Second, it mixes evidence levels too freely. Human clinical studies, rodent treadmill/swimming models, cell-culture studies and omics correlations are placed side by side. That gives the impression of a coherent mechanism, but the translational distance is large. For example, a pathway demonstrated in cultured adipocytes or cardiomyocytes may not explain clinical cardiovascular outcomes in humans.

Third, the review is too broad for its own good. It covers glucose, lipids, amino acids, microbiota, circadian rhythm, mitochondrial function, endothelial biology, obesity, diabetes, myocardial infarction, atherosclerosis and exercise prescription. The breadth is helpful, but it reduces depth. Some sections become lists of mechanisms rather than a critical synthesis.

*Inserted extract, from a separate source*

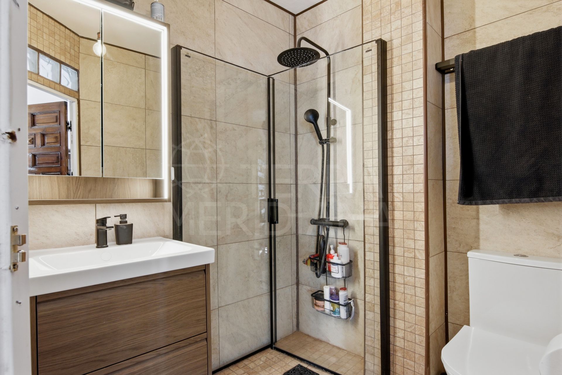 The top floor offers an additional room that can serve as a bedroom or flexible space, with direct access to a private solarium terrace. Generous in size, the terrace is ideal for outdoor dining or unwinding in the sun, with views stretching across the rooftops of the old town and also of the Sierra Bermeja mountains.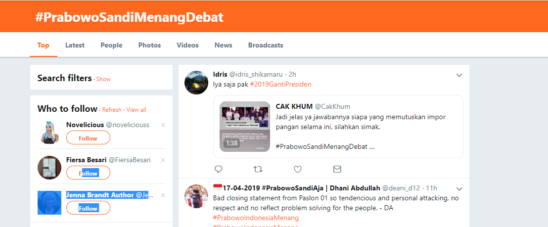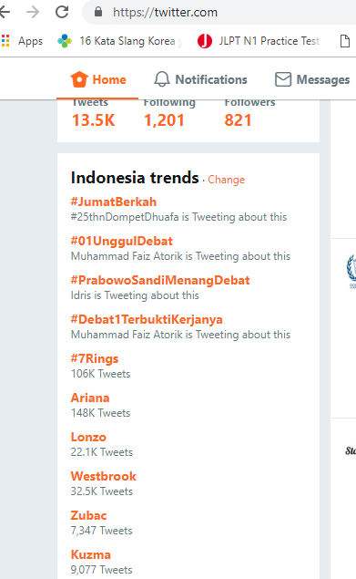 Mengecek Trend Media SosialSebagai pengguna aktif media sosial, pasti sudah familiar dengan hashtag, bukan? Biasanya ketika ingin mengecek berita terkini, saya cenderung lebih menyukai mengecek hashtag di twitter. Settingan hashtag di Twitter juga bisa dibuat sesuai negara yang ingin kita lihat. Misalnya ‘Indonesia Trends’, bisa dicek apa saja yang menjadi cuitan favorit para pengguna Twitter. Seperti yang saya cek di bawah ini, terlihat jika topik debat capres menjadi perbincangan yang ramai di Twitter. Meskipun saya tidak menonton acara debatnya, saya bisa mengecek perkembangan acaranya.

Fourth, exercise is treated rather generically. Aerobic exercise, resistance training, HIIT, moderate-intensity exercise, acute exercise and chronic training have different metabolic signatures. The review acknowledges this in places, but does not provide a sufficiently clear matrix of which exercise type affects which mechanism, in which population, and with what strength of evidence.

Fifth, the microbiome section is interesting but vulnerable to confounding. Diet, medication, obesity, baseline fitness, geography, sleep and disease status all strongly affect microbiota. The paper itself notes that some cohorts define “health” loosely and have confounding, but it still presents microbiome changes as a major mechanistic route.

Sixth, the systems-biology claim is more aspirational than executed. The paper says it adopts a multi-omics and systems-biology framework, but it does not itself perform a formal network analysis, meta-analysis, causal graph, Mendelian randomisation, or quantitative pathway integration. It is better described as a narrative review advocating systems biology, not actually delivering a new systems-biology model.

Seventh, the clinical recommendations are fairly conventional. The conclusion recommends standard exercise prescriptions — 150–300 minutes of moderate exercise or 75–150 minutes of vigorous exercise per week, plus resistance training — which are sensible but not especially derived from the mechanistic detail.

Overall assessment

This is a useful, up-to-date narrative review that brings together many strands of exercise biology relevant to cardiovascular disease. Its strongest contribution is the argument that exercise cardioprotection should be understood as a network effect across mitochondria, metabolism, gut microbiota, inflammatory tone and circadian regulation.

Its main limitation is that it sometimes presents a plausible integrated mechanism as if it were already proven. The most important next step would be a more rigorous evidence hierarchy: human RCTs with metabolomics/microbiome readouts, mediation analysis, longitudinal cardiovascular outcomes, and clearer separation of acute versus chronic exercise effects.